Start of Block

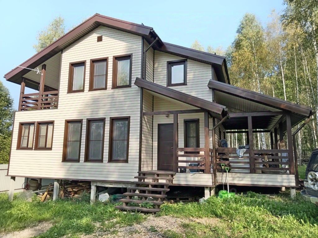 Стены выполнены по каркасной технологии (дерево из Архангельска), утеплитель и сайдинг производство Германия, две открытые веранды для отдыха.
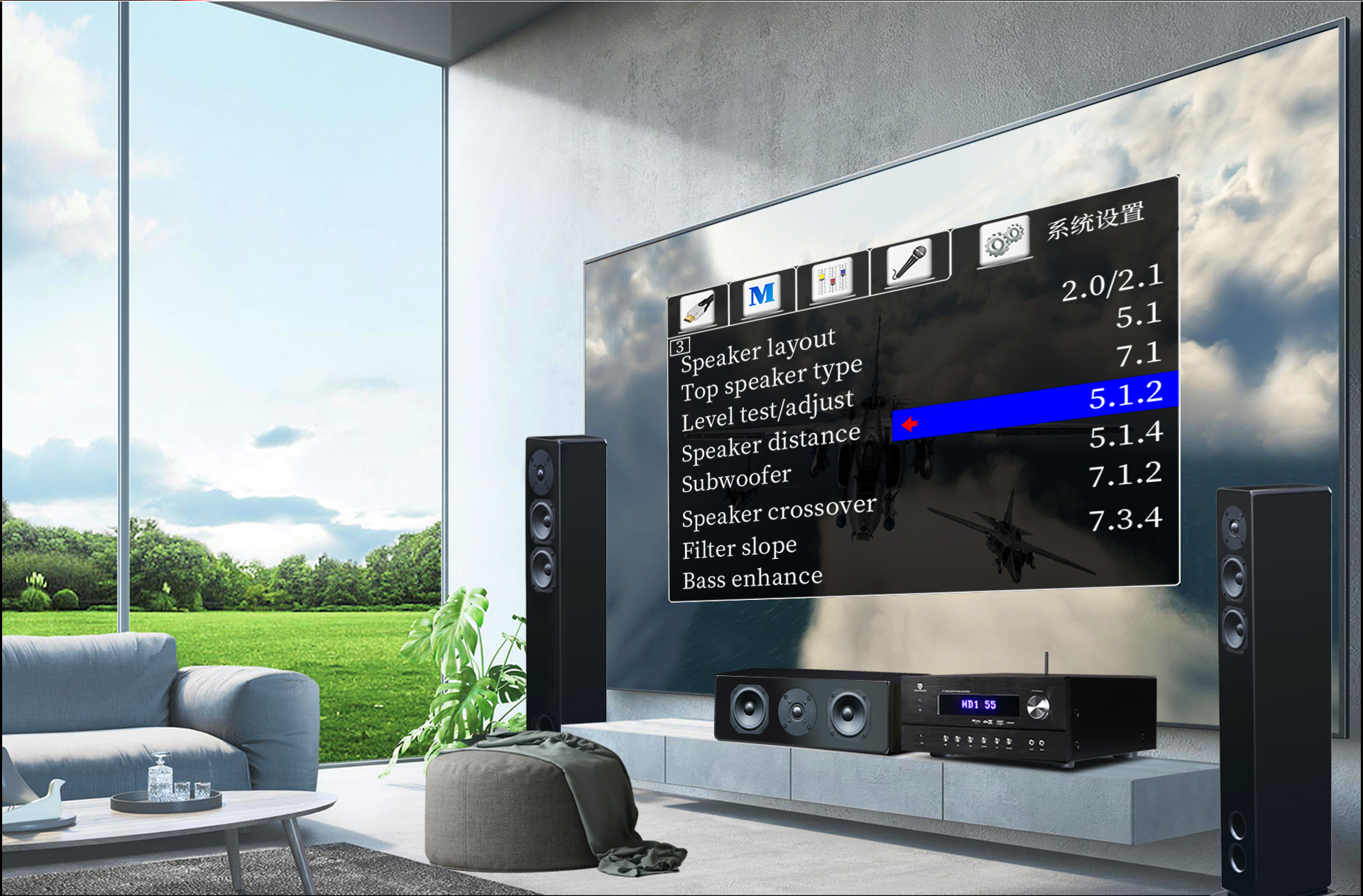 लेआउट कॉन्फ़िगरेशन:2.0 / 2.1 / 5.1 / 7.1/5.1.2 / 5.1.4 / 7.1.2 / 7.3.4
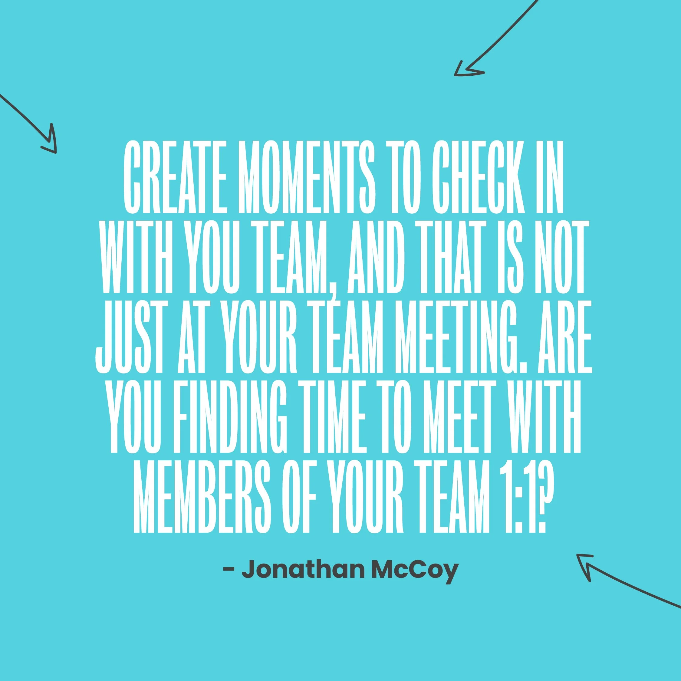 “Create moments to check in with you team, and that is not just at your team meeting. Are you finding time to meet with members of your team 1:1?” -Jon
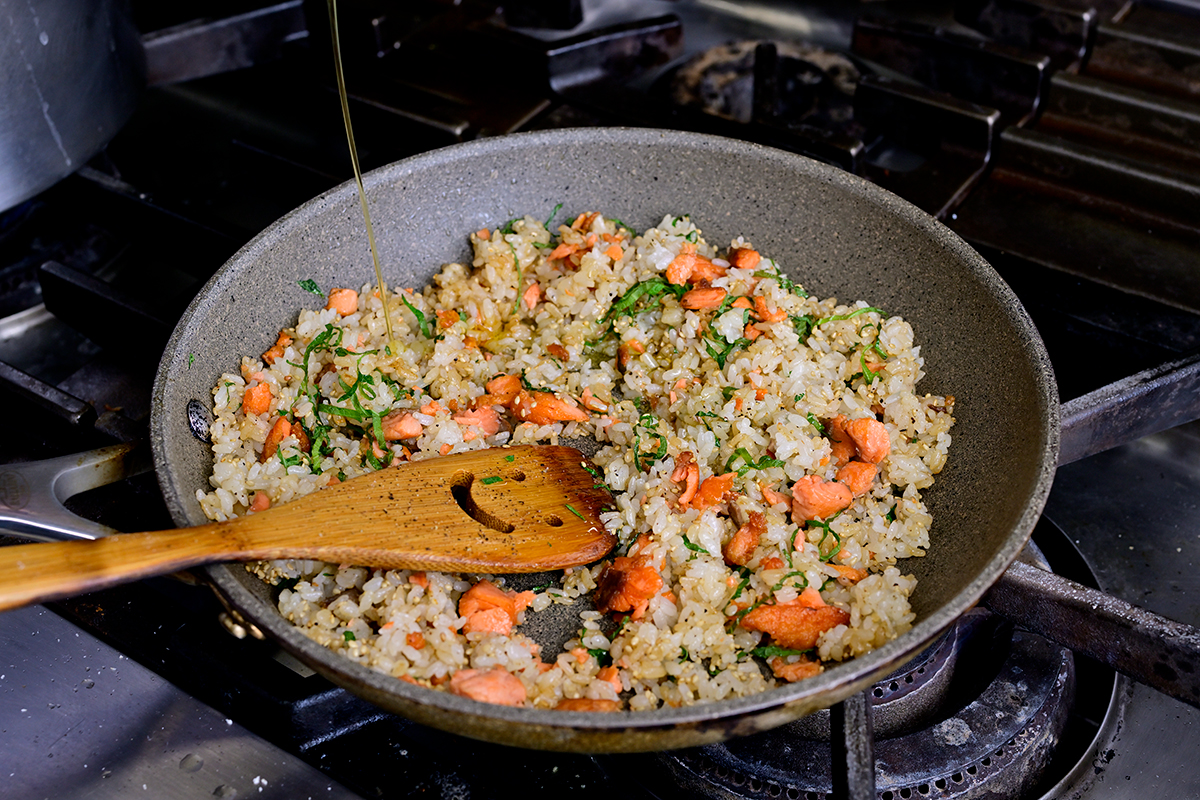 焼いてほぐした鮭を「バターフレーバーオイル」で先に炒めることで、具材にしっかりと味がつき、香ばしい風味もアップ。
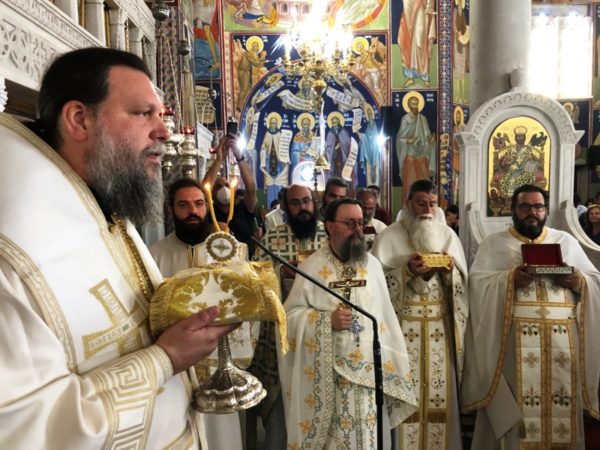Της Θείας Λειτουργίας, η οποία τελέσθηκε στον πανηγυρίζοντα Ιερό Ενοριακό Ναό Αγίου Νικοδήμου πόλεως Νάξου, προεξήρχε ο Σεβασμιώτατος Μητροπολίτης Νέας Ιωνίας, Φιλαδελφείας, Ηρακλείου και Χαλκηδόνος κ. Γαβριήλ, ο οποίος χοροστάτησε στον Όρθρο και κήρυξε και τον θείο λόγο, συλλειτουργούντων των Σεβασμιωτάτων Μητροπολιτών Θήρας, Αμοργού και Νήσων κ. Αμφιλοχίου και του Ποιμενάρχου κ. Καλλινίκου.

End of Block

- _Description of the task_
I'd like every record transcribed exactly, with no pictures carried over.

- _Task response_
 Стены выполнены по каркасной технологии (дерево из Архангельска), утеплитель и сайдинг производство Германия, две открытые веранды для отдыха.
 लेआउट कॉन्फ़िगरेशन:2.0 / 2.1 / 5.1 / 7.1/5.1.2 / 5.1.4 / 7.1.2 / 7.3.4
 “Create moments to check in with you team, and that is not just at your team meeting. Are you finding time to meet with members of your team 1:1?” -Jon
 焼いてほぐした鮭を「バターフレーバーオイル」で先に炒めることで、具材にしっかりと味がつき、香ばしい風味もアップ。
Της Θείας Λειτουργίας, η οποία τελέσθηκε στον πανηγυρίζοντα Ιερό Ενοριακό Ναό Αγίου Νικοδήμου πόλεως Νάξου, προεξήρχε ο Σεβασμιώτατος Μητροπολίτης Νέας Ιωνίας, Φιλαδελφείας, Ηρακλείου και Χαλκηδόνος κ. Γαβριήλ, ο οποίος χοροστάτησε στον Όρθρο και κήρυξε και τον θείο λόγο, συλλειτουργούντων των Σεβασμιωτάτων Μητροπολιτών Θήρας, Αμοργού και Νήσων κ. Αμφιλοχίου και του Ποιμενάρχου κ. Καλλινίκου.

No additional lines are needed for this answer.